Dataset content section start

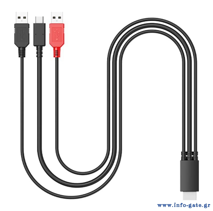 Καλώδιο 3 σε 1 από HDMI σε USB-C και 2x USB, κατάλληλο για την σύνδεση ταμπλετών σχεδίασης της XP-PEN με desktop ή laptop.
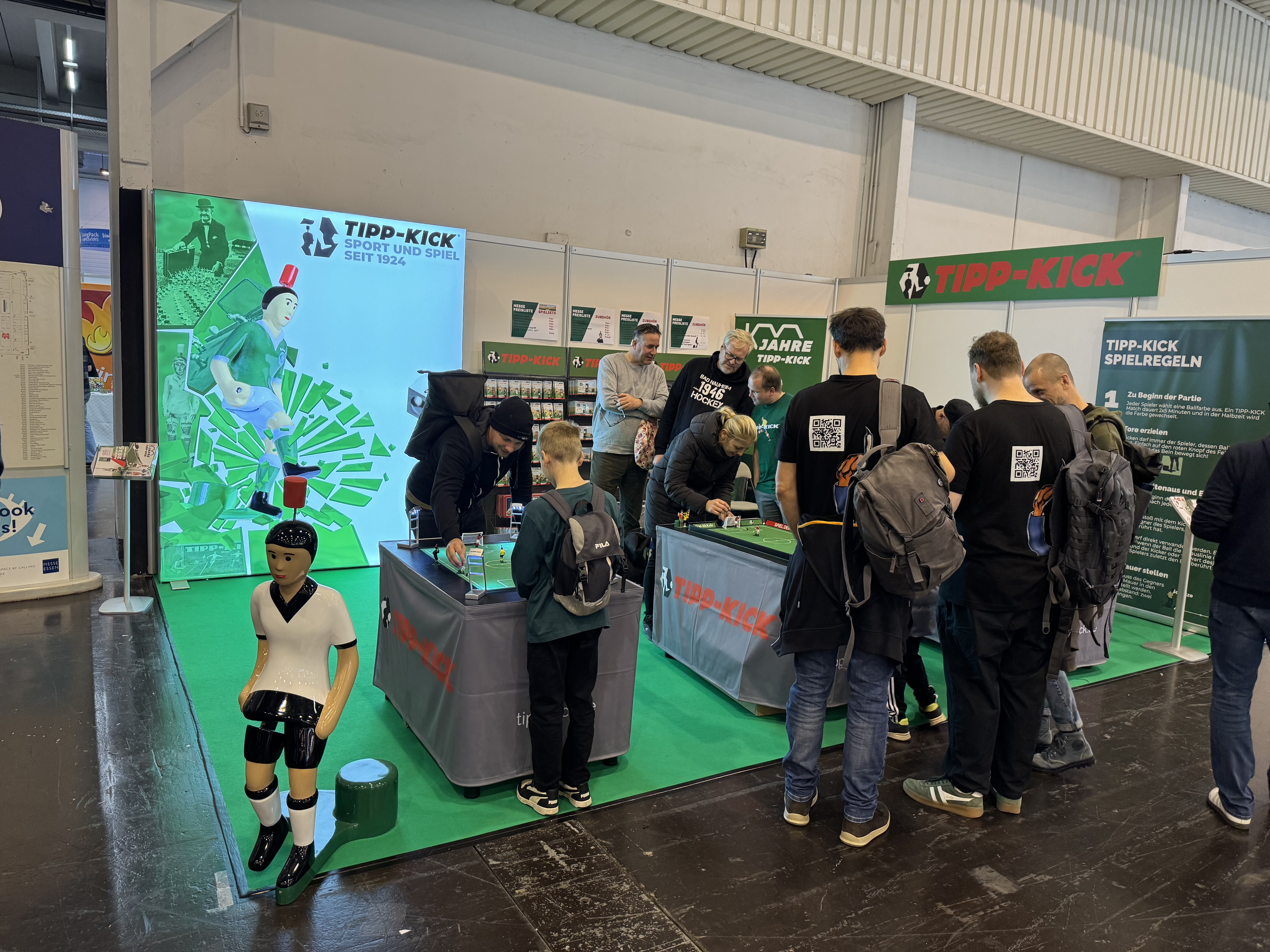 Am Tipp-Kick Stand wird gekickt, aber so richtig nicht mit dem Fuß, aber mit Köpfchen und Geschick probiere dich aus und messe dich mit deinen Freunden oder der Familie. Selbst nach 100 Jahren gibt es noch immer neu Strategien zu Endecken. Das Spielprinzip von TIPP-KICK ist einfach: Jeder Spieler wählt zum Start der Partie eine Farbe des schwarz-weißen Balls aus. Die Farbe, die in einer Spielsituation oben liegt, entscheidet welcher Spieler an der Reihe ist. Mit einem Knopfdruck auf die Metallfigur wird der Ball geschossen und Tore erzielt. Das Match gewinnt…..
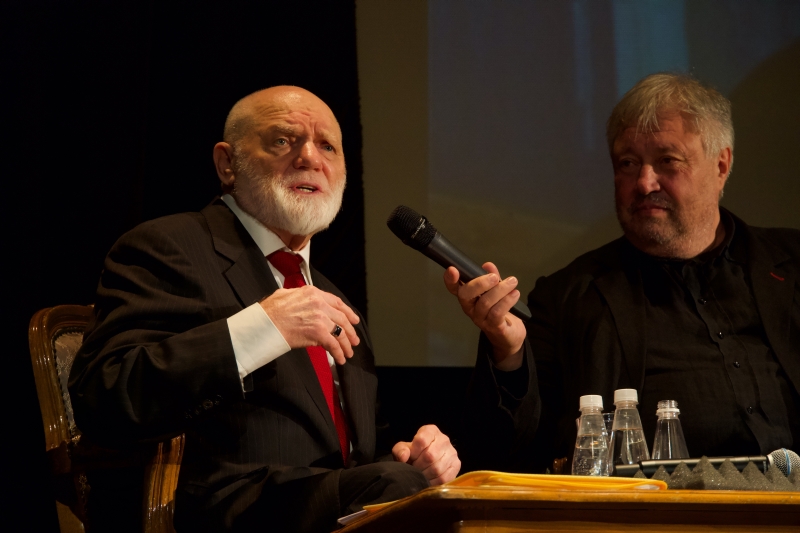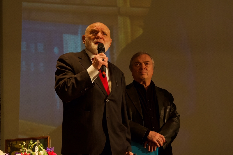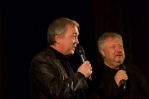 Ведущие Творческого вечера: писатель, главный редактор газеты "Аргументы недели" Андрей Угланов и Народный артист России, земляк Виктора Трифоновича, Сергей Степанченко.
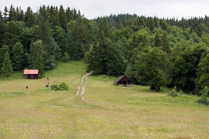 Polana před srubem s přístupovou cestou a lesáckou chatou. ©VA 2009 (27.01.2009 - 23:01:17)

Dataset content section end

Everything in the data above should be set down again exactly, except the pictures.

• _Reply to the exercise_:
 Καλώδιο 3 σε 1 από HDMI σε USB-C και 2x USB, κατάλληλο για την σύνδεση ταμπλετών σχεδίασης της XP-PEN με desktop ή laptop.
 Am Tipp-Kick Stand wird gekickt, aber so richtig nicht mit dem Fuß, aber mit Köpfchen und Geschick probiere dich aus und messe dich mit deinen Freunden oder der Familie. Selbst nach 100 Jahren gibt es noch immer neu Strategien zu Endecken. Das Spielprinzip von TIPP-KICK ist einfach: Jeder Spieler wählt zum Start der Partie eine Farbe des schwarz-weißen Balls aus. Die Farbe, die in einer Spielsituation oben liegt, entscheidet welcher Spieler an der Reihe ist. Mit einem Knopfdruck auf die Metallfigur wird der Ball geschossen und Tore erzielt. Das Match gewinnt…..
 Ведущие Творческого вечера: писатель, главный редактор газеты "Аргументы недели" Андрей Угланов и Народный артист России, земляк Виктора Трифоновича, Сергей Степанченко.
 Polana před srubem s přístupovou cestou a lesáckou chatou. ©VA 2009 (27.01.2009 - 23:01:17)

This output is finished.